A lantern picture, entitled “War in the Air,” by C. G. Grey (editor of “Aeroplane”), issued by the National War Savings Committee, Salisbury Square, London, E. C. 4 (page 7).

“Slide 32—The navy’s land machines went over to Belgium and it is to the credit of the R. N. A. S. that the first hostile missiles which fell on German soil were bombs dropped by R. N. A. S. pilots on Cologne and Dusseldorf....

“Slide 35—It is interesting to note that these early raids by the R. N. A. S. were the first example of bomb-dropping attacks from the air in any way, and the only pity is that we had not at the beginning of the war enough aeroplanes.”

“Priority in poison gas.”

The Glasgow “Evening News” (January 26, 1918) frankly admitted that:

It appears that mustard gas, generally believed to have been invented by the Germans, was discovered by the late Professor Guthrie at the Royal College, Mauritius.

The London “Times,” on August 2, 1914, reproduced from the French government organ, “Le Temps,” a paragraph reporting that M. Turpin has offered to the French Ministry of War a shell filled with a chemical compound discovered by him, and called Turpinite. Numbers of these shells seem to have been used by the French artillery, and they were essentially such gas shells as the Germans are now using. Numerous correspondents, claiming to be eye-witnesses,reported their terrible effects in the British press during October and November, 1914. We learned that the gas liberated from the explosion of one of these shells was enough to asphyxiate an entire platoon of Germans. After death they were observed to be standing erect and shoulder to shoulder in their trenches, and, after killing them with this marvelous celerity, the gas would roll on and stifle entire flocks of sheep feeding in fields in their rear. The British press writers saw nothing to blame in the use against Germans of Turpinite; on the contrary, they openly exulted in its terrible effects. Subsequently, much to their regret, Turpinite was given up, because it was so dangerous to the munition workers who had to pour it into the shell cases.

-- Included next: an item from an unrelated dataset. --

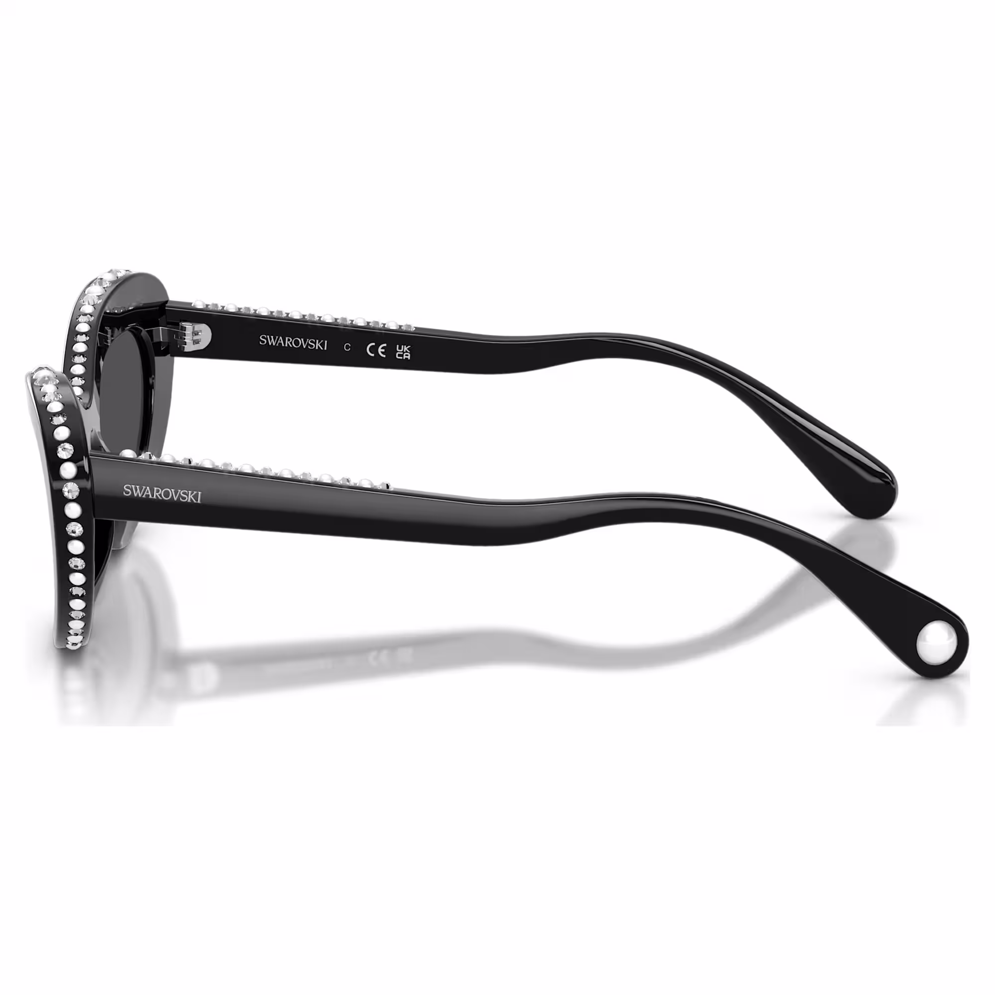 Smjele i luksuzne, ove naočare za sunce sa mačijim okom dolaze sa tamno sivim sočivima i crnim okvirima, koji su prelijepo obogaćeni naizmeničnim providnim kristalima i bijelim Swarovski kristalnim biserima. Nosite ih da biste dali izražajan stilski izraz tokom najsvjetlijih ljetnjih dana.

Some weeks later the Germans began to use with more success the same expedient.

The London “Illustrated News” (May 13, 1915) published a “thrilling” picture of 5 German officers asphyxiated by British lyddite. The descriptive lines below the picture say:

“One of the correspondents at the front tells a thrilling story of the havoc wrought by lyddite shells used by our artillery in Flanders. The fumes of the lyddite are very poisonous, so much so that some of our troops wore masks for the nose and mouth. After one battle, in which the German trenches had been shelled with lyddite, an officer found a card party of five officers stone dead. Looking at them in the bright moonlight, he was struck by their resemblance to waxwork figures. They were in perfectly natural poses, but the bright yellow of their skins showed the manner of their death—asphyxiation by lyddite.”

The first inventor of poison gas was Lord Dundonald during the Crimean war (see “The Panmure Papers,” published in 1908 by Hodder & Stoughton, and the “Candid Review,” August, 1915). It was at the time of the Crimean war rejected by the English as “too horrible.”